I’m always comparing my sons with my friends’ sons. What can I do?

I’m always comparing my sons with my friends’ sons. What can I do?

The first thing I would ask you is whether you’re a perfectionist – and hard on yourself as well. And the reason I ask is because accepting others for who they are begins with self-acceptance. It’s common for people to be oblivious to the fact that they have yet to fully embrace themselves, faults, qualities and all. Perhaps it may help you to think about whether you avoid situations where you may fail, or where you won’t be in control. These are warning signs that you hang on to a way of believing how things ‘should’ be, rather than accepting them the way they are.

Mind you, acceptance is NOT passivity. It doesn’t mean you don’t take action. Quite the contrary. When you accept things, AND have hope, you become empowered for action. When you don’t accept things, you fight against reality – and when you don’t have hope, you give up.

So how do you accept and work towards change? Notice the Good.

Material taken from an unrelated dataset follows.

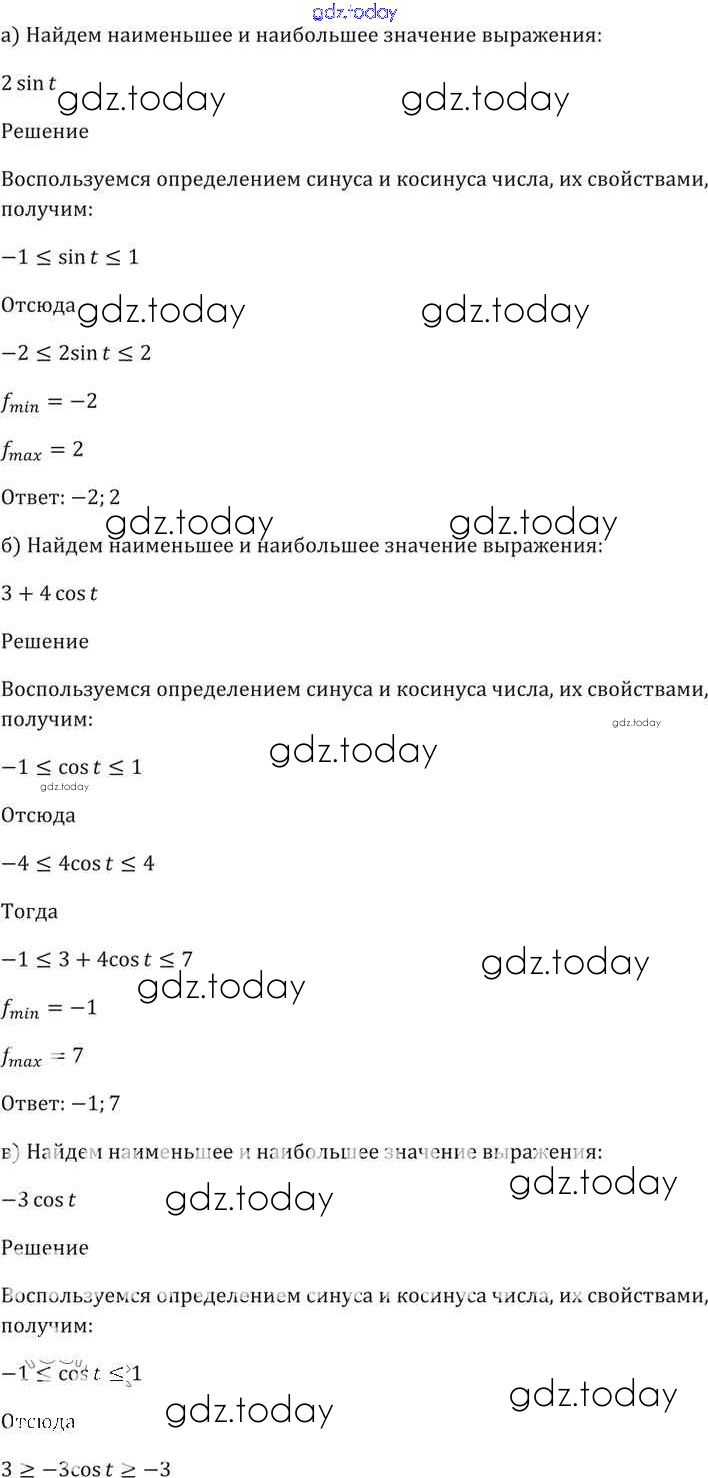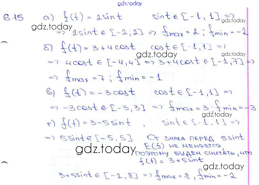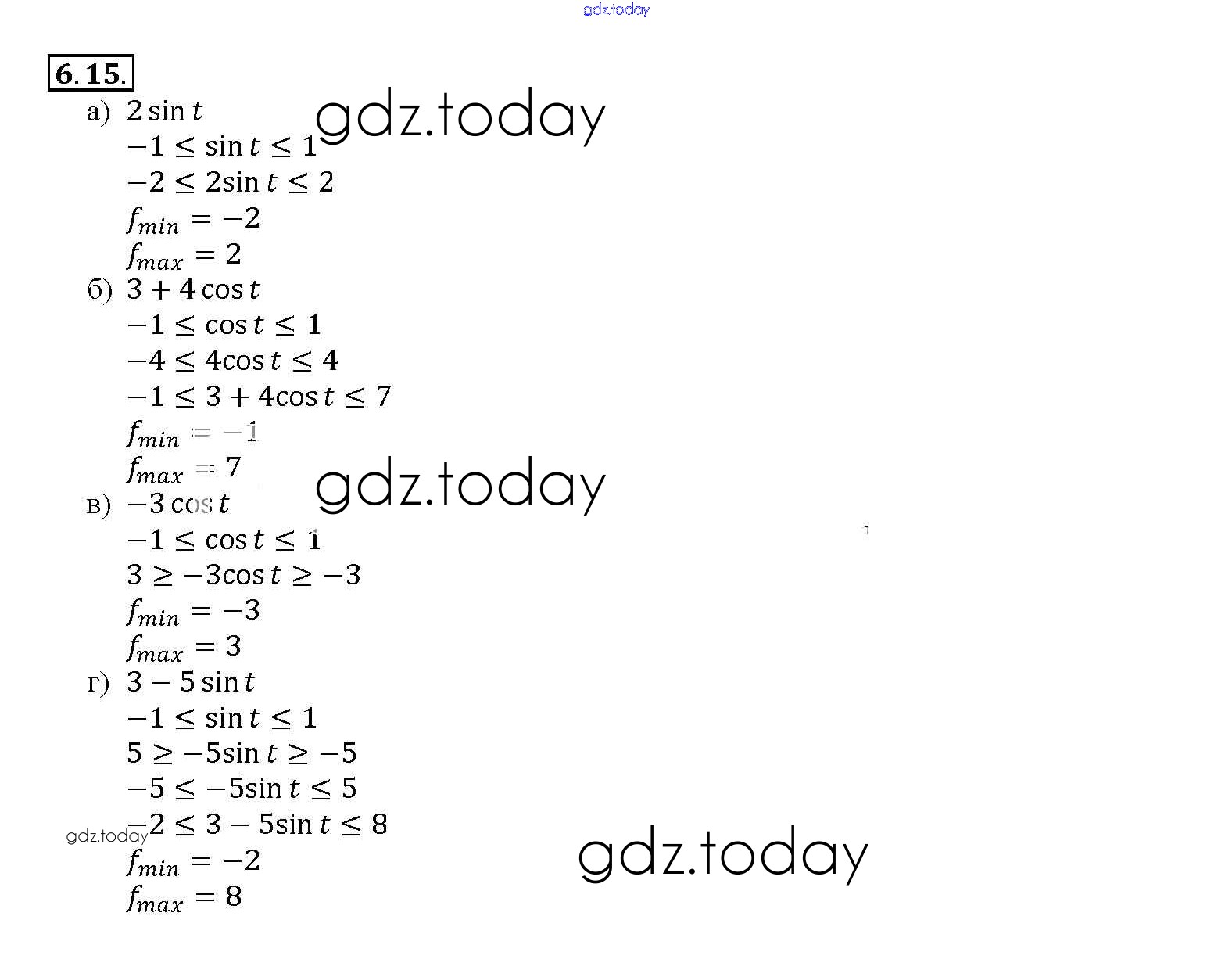 Ответы к §6. Синус и косинус. Тангенс и катангенс Глава 2 6. 15 Задачнику по Алгебре для 10-11 класса Мордкович, Денищева Базовый уровень Мнемозина 2015

So for example, when you catch yourself comparing your sons to other boys, become aware of the fact that you’re comparing, and bring greater balance to the situation by focusing on 1-3 good things about your sons, however small they may appear to be. Are they kind, creative, organized… Beware of perfectionism – don’t discard their positive qualities or abilities because they don’t meet your standards. In fact, let you sons know what you admire about them, so they make it part of their identity. Remember, our children rise up to whatever label we place on them. You call them irresponsible, and they’ll become so. You call them uncaring, and they’ll steadily stop being loving.

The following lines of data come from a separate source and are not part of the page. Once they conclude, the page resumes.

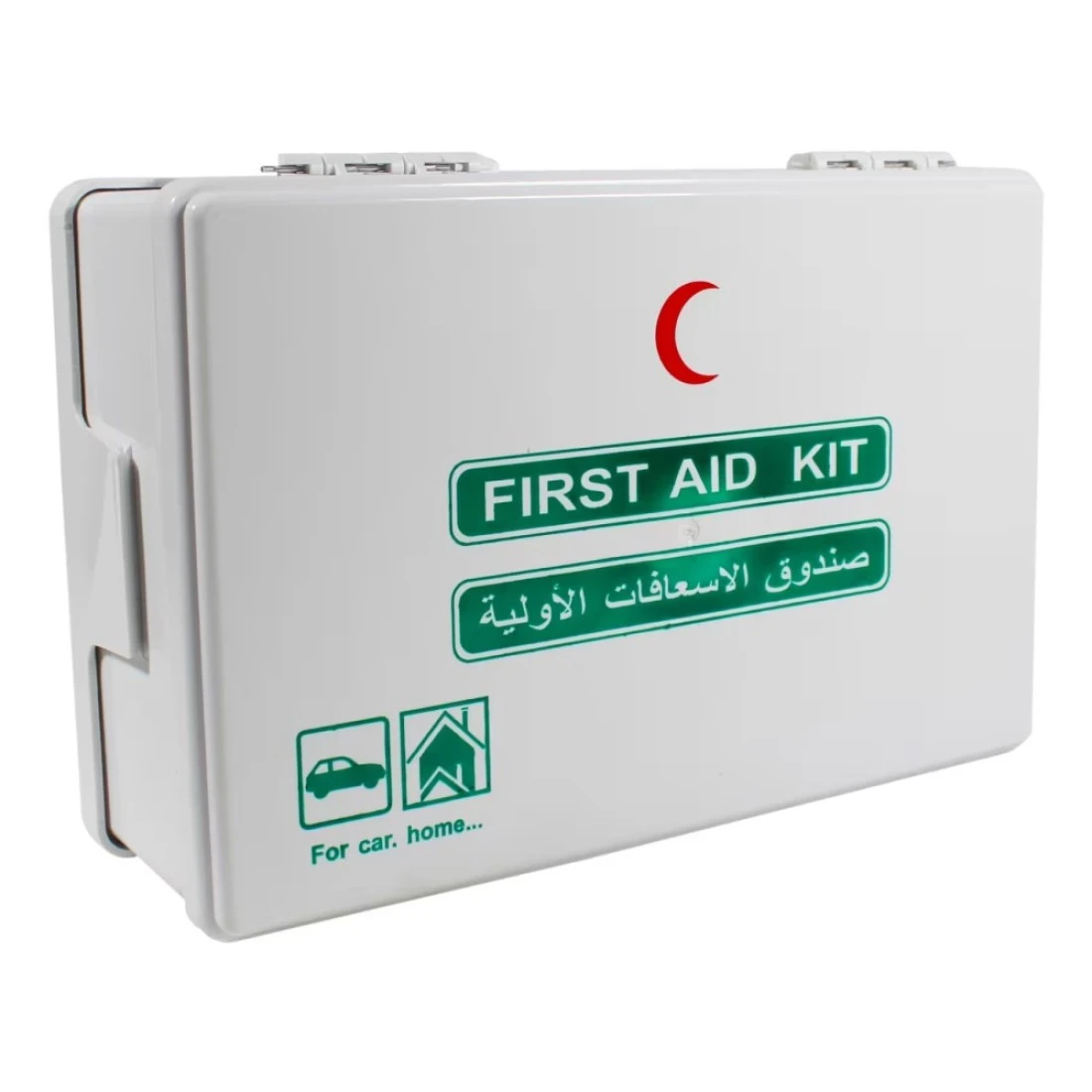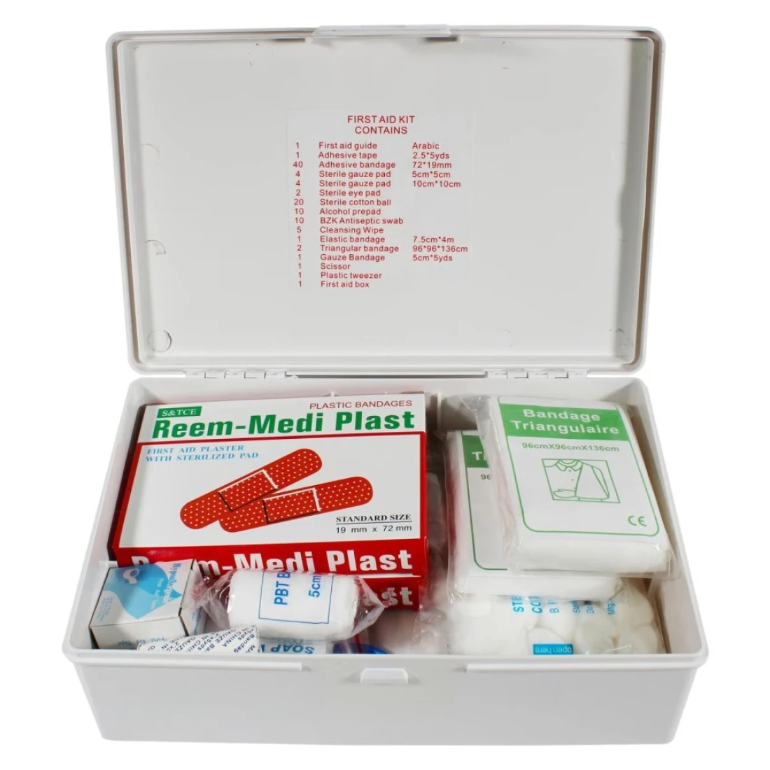 - تتضمن المجموعة - شريط لاصق 1x (2.5x5ياردات)، 40x ضمادة لاصقة (72x19 ملم) 4x وسادة شاش معقمة (5 سم × 5 سم)، 4x وسادة شاش معقمة (10 سم × 10 سم)، 2x وسادة عين معقمة، 20x كرة قطنية معقمة، 10x وسادة كحول مسبقة، 10x مسحة مطهرة من بي زي كا، 5x منديل تنظيف، 1x ضمادة مرنة (7.5 سم × 4 م)، 2x ضمادة مثلثة (96 × 96 × 136 سم)، 1 × ضمادة شاش (5 سم × 5 ياردة)، 1 × مقص، 1 × ملقط بلاستيكي، 1 × صندوق إسعافات أولية، 1 × دليل إسعافات أولية (عربي)
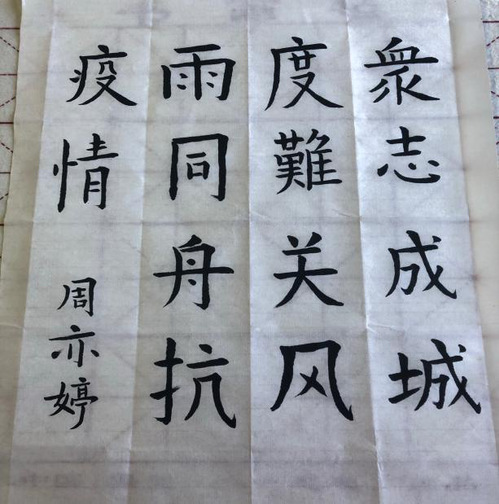 最后同学们以疫情为主题,以各种艺术作品为形式完成了以“纸”传情活动。薄薄的纸张上承载着同学们在疫情之下对生活的热情与希望。“众志成城渡难关,风雨同舟抗疫情”,这句话是同学们对击败疫情的决心,也是中国儿女对未来美好生活的期许。“山川异域,风月同天”,人们虽然不在同一个地方,虽然肤色与种族不尽相同,可是人们的心却是团结在一起共同抵御疫情,共同推动着人类命运共同体朝更高更远发展。
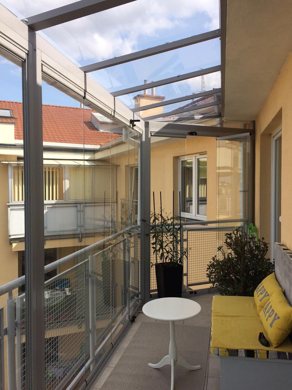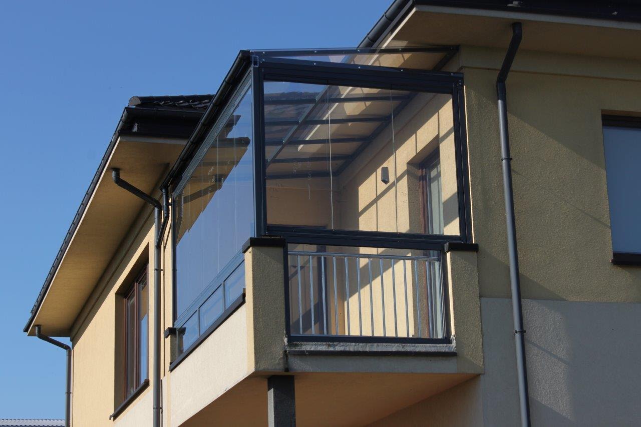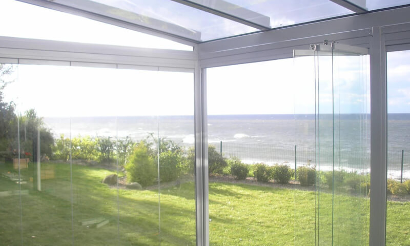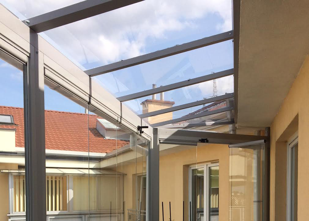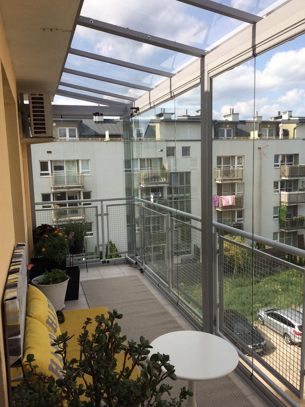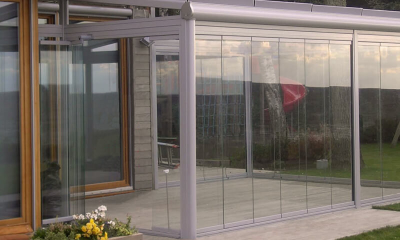 Drugim krokiem, umożliwiającym korzystanie z tarasu przez cały rok to zamkniecie tarasu ściankami ze szkła i aluminium.
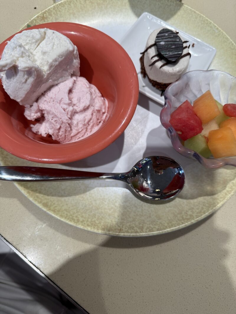 プールデッキでもソフトクリームが毎日食べ放題だから、アイスは1個にしたと話す息子を横目に私はしっかり2個(笑)
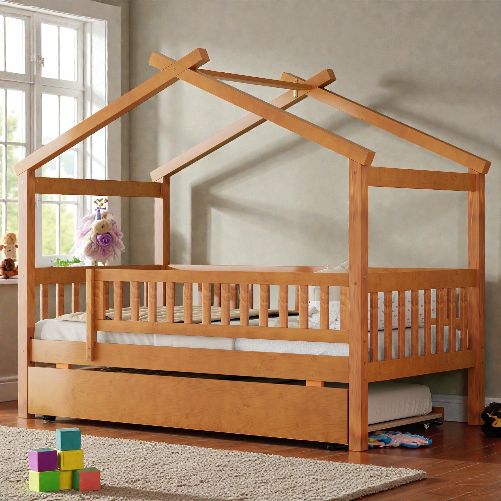 Product Introduction This wooden house bed brings creativity and comfort together in one charming design.

Once you’ve created this warm and accepting environment in your home, you can gently talk to them about what they can do to grow and improve. But please don’t rush into this. If you’ve been critical for a long time, first let the trust develop by making home a place of love, warmth and acceptance. I’ve seen enough clients who grew up without this – and how they suffer with low self-worth for the rest of their lives.

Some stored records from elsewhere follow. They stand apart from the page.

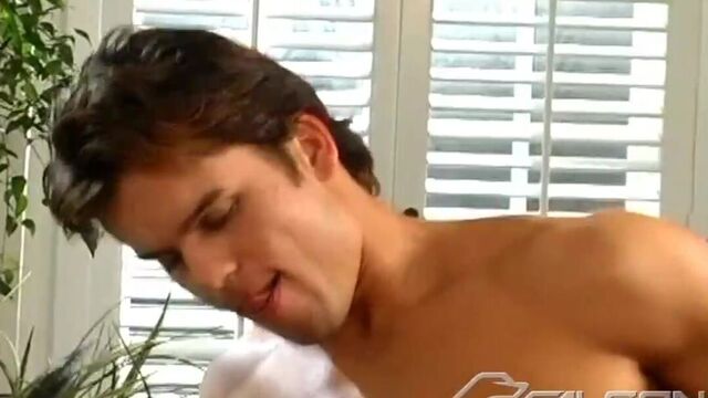 Pool-sharp Roman Heart persuades newbie Tony Martin out of his pants and spread eagle on the red felt behind the eight ball. The two take turns eating each other out with Martin impaling himself on top of Heart, bouncing and wincing the length of his shaft. Roman sinks both his cock and all his balls in the corner pocket shooting on cue all over his newbie's chest.
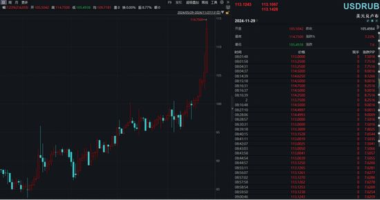 11月27日,俄罗斯卢布出现恐慌性抛售,卢布兑美元汇率盘中一度跌超8.5%,达到1美元兑114.75卢布,创出一年来新低;俄罗斯卢布兑欧元汇率也已跌破1欧元兑换120卢布,盘中跌幅一度超过9%。
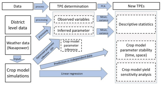 Figure 2 is a visualization of the material and methods workflow. The materials and methods is divided in three parts. The first one describes the data used for the TPE determination, (a) ICRISAT district level data (DLD); (b) Nasapower synthetic weather data [30]; and (c) parameters derived from crop model simulations (Table 1). The second part describes the methodology to determine the TPE; and the third part the crop modelling strategy to (a) infer parameters of the system using large-scale simulation, (b) use those simulations to evaluate the crop model prediction (st)ability within the identified TPEs, and (c) determine the relative influence on yield of the tested parameter in the new TPEs.
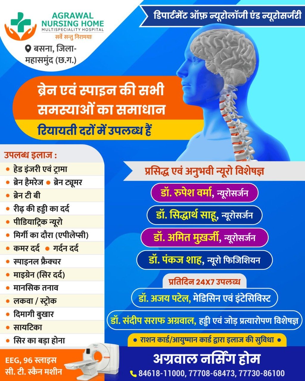 ब्रेन एवं स्पाइन की सभी समस्याओं का समाधान रियायती दरों में उपलब्ध हैं AGRAWAL NURSING HOME MULTISPECIALITY HOSPITAL
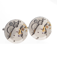 Spinki do mankietów z okrągłym mechanizmem zegarka w srebrze.
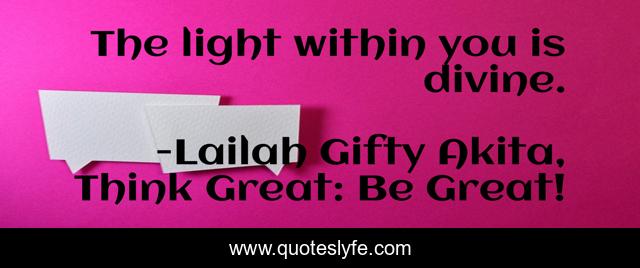 "Lailah Gifty Akita, Think Great: Be Great! Quotes." Quoteslyfe.com, 2025. Sat. 06 Dec. 2025. <https://www.quoteslyfe.com/quote/The-light-within-you-is-divine-118773>.

When you do get to the stage of nurturing the desire to rise to their best selves, let them lead the way. Don’t tell them what you want, but ask them to think of what and who they would like to become based on their values, opportunities, talents etc. We’re all hard wired to want to grow and improve, and as parents the best thing we can do is provide the right environment of acceptance for this to happen.

One final word of warning – it takes time to change old habits. Begin right now and be consistent in your efforts. There will be moments when you’ll react and that’s normal. Just be kind to yourself and remind yourself that you’re doing the best you can. This is how you will provide yourself with the acceptance you need to overcome your weaknesses and self-transform. All the best!